- Education: University of Cambridge (BSc, PhD)
- Scientific career
- Workplaces: Rothamsted Research University of Exeter

= Juliet Osborne =

Juliet Osborne is an entomologist and ecologist in the UK. She is professor of applied ecology at the University of Exeter and she looks at the health of social insects and how they pollinate plants.

== Education and career ==
Osborne was educated at Clare College at the University of Cambridge, she graduated with a BA in Natural Sciences in 1989 and a PhD in pollination ecology in 1994. She was a postdoctoral researcher at Rothamsted Research and remained there, progressing to principal investigator in 2006.  In 2012 she moved to the University of Exeter's Penryn Campus to be a senior lecturer.  In 2013 she was appointed chair in applied ecology and in 2017 she was made director of Exeter University's Environment and Sustainability Institute.

== Research ==
Osborne's research looks at the interactions between plants, insects and the environment, and their influence on ecosystem services.

Her research has shown that diseases such as deformed wing virus and the microsporidian parasite Nosema ceranae can pass from managed honeybee colonies to wild bumblebee colonies.
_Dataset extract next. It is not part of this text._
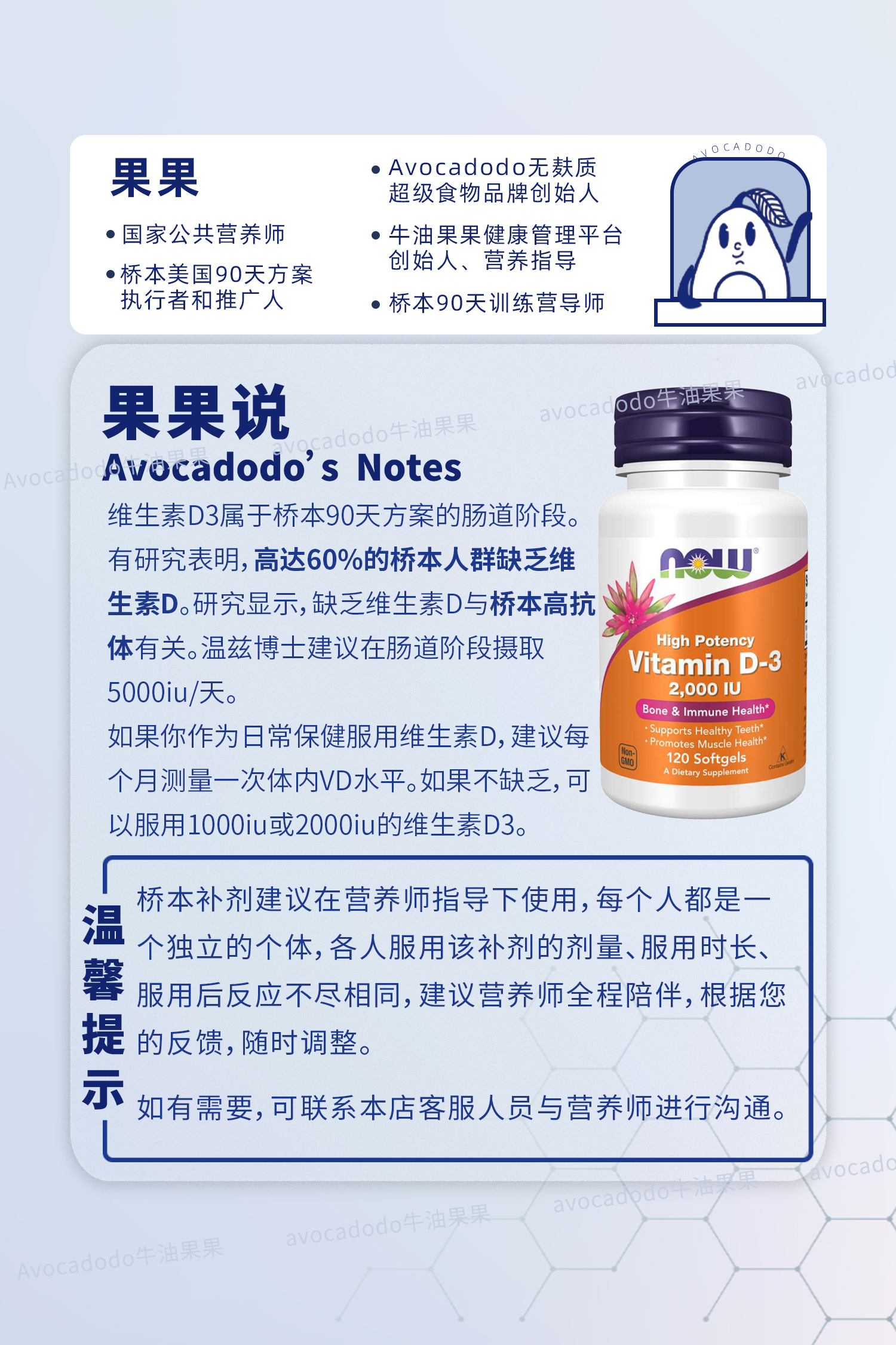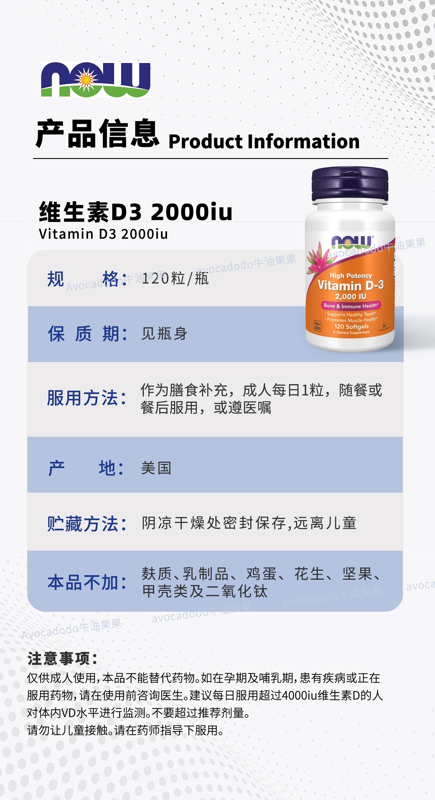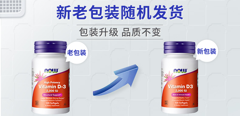 保税仓NOW诺奥维生素D3软胶囊2000IU 120粒不加大豆桥本

To simulate the different pressures on a bee colony her team created BEEHAVE, a computer model to test how conditions such as availability of pollen and presence of insecticides, can influence the health and survival of a honeybee hive.
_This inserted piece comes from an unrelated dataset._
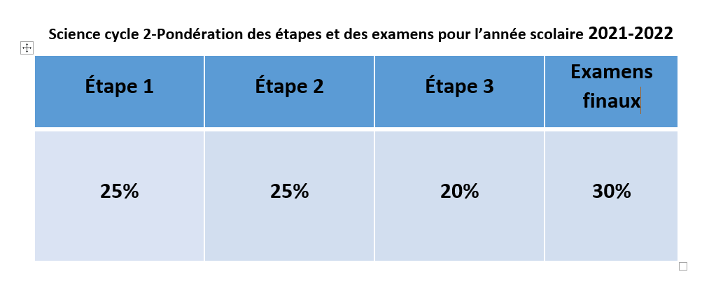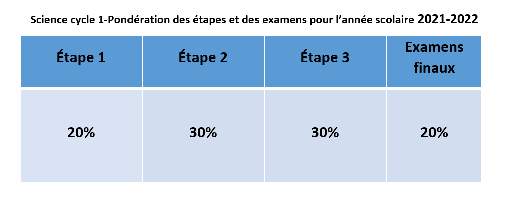 Au cycle 1, cette compétence est pondérée à 40% de la note de l’élève.

Osborne's group have used different tracking techniques to look at social insects. They tracked honeybees with transponders and showed that they can forage far from their colony even when carrying diseases and they radiotagged Asian hornets in the UK to track their dispersal and locate their nests.
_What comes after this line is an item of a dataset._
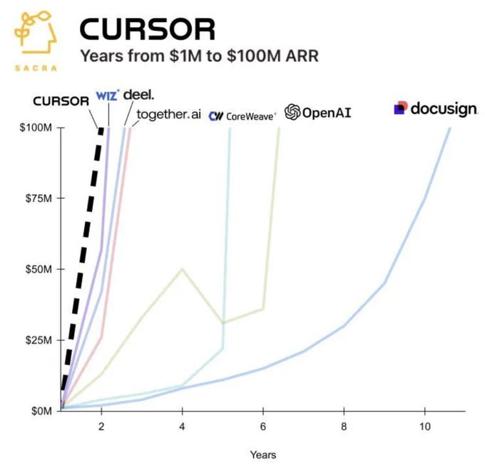 I see a scenario where Anysphere becomes Anthropic’s key competitor. Think about it, Cursor goes from $1B to $2B in 3mos, while Claude Code went $0 to $2.5B in 8mos.

She has also investigated pollination in food crops of economic importance such as courgettes and has researched the resources of different oil seed rape varieties that are available to pollinators, such as the amount of nectar and number of flowers. Osborne has also looked at whether the manipulation of flowering plants to produce seedless fruits, parthenocarpy, could be a way to produce crops without the need for pollination

== Awards ==
Osborne, with collaborators at Exeter, was awarded the BBSRC Innovator of the Year award for Social Impact in 2017 for their BEEHAVE model which was 'helping build pollinator resilience through informed land management and beekeeping'.